BTW, regular expressions is just a variant, I do not insist on it. Explicit list of acceptable variants is also ok to me:

[Лев Толстой|Льва Толстого|...]: 

or

[Лев Толстой]+[Льва Толстого]+[...]: http://...

or

[Лев Толстой] \
[Льва Толстого] \
[...]: http://...

Exact syntax may vary, it is not so important.

I got so fascinated with Russian declensions that I started to develop a program to automate those.

Are you aware about словарь Зализняка?

I guess the easiest solution markup-wise would be to reference another reference:

[Bücher]: [Buch]
[Buch]: example.com/buch

The advantage would be that it doesn’t matter where you put it. E.g. in the first paragraph you could use [Buch][], and in another one, you could use [Bücher][]

The only problem that would arise is circular referencing and how to dissolve it, i.e. what to output then.

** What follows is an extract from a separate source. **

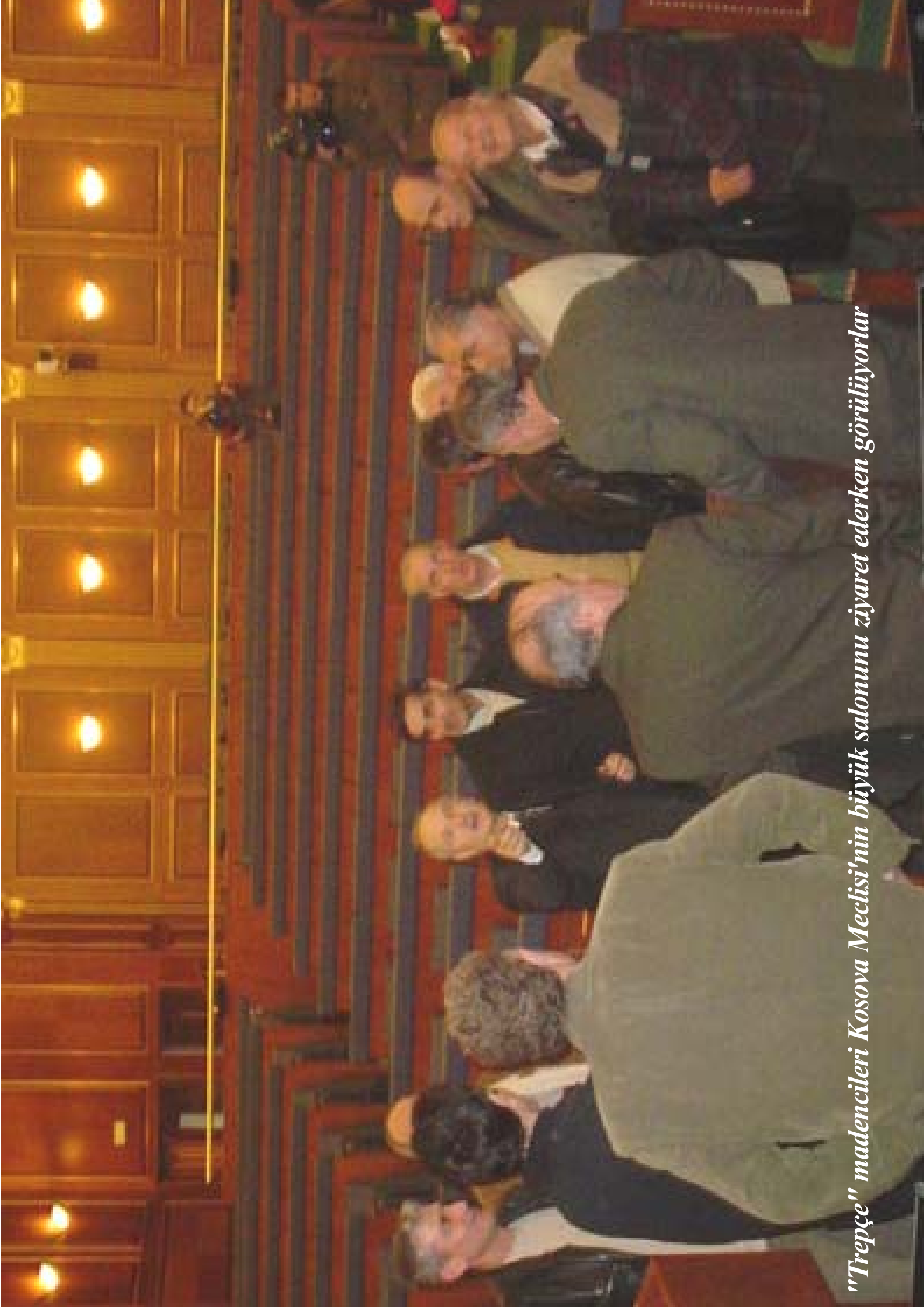
"Trepçe" madencileri Kosova Meclisi'nin büyük salonunu ziyaret ederken görüliyorlar

Other than that, i would favor a simple contracting syntax without any new symbols or regular expressions:

[bücher]:
[buch]: example.com/buch

or

[bücher]: [buch]: example.com/buch

PS: i also like the idea of contained references as in [Leo [Tolstoy]], but that would efectively disallow square brackets inside link text. And yes, it might collide with some applications that use a wiki where the double brackets actually mean “this is a wiki link”.

PPS: There’s a nice logic in the [Leo [Tolstoy]] syntax: [link text with [printed reference]] vs. [link text][hidden reference]. I do love it more and more! It’s also more clear than in wiki-syntax where [[CD]]s gets [CDs][CD]. With the syntaxx from above one could write The company is producing [[wheel]chair]s. and get [wheelchair][wheel]s. An edge case, but totally logical and very easy to see.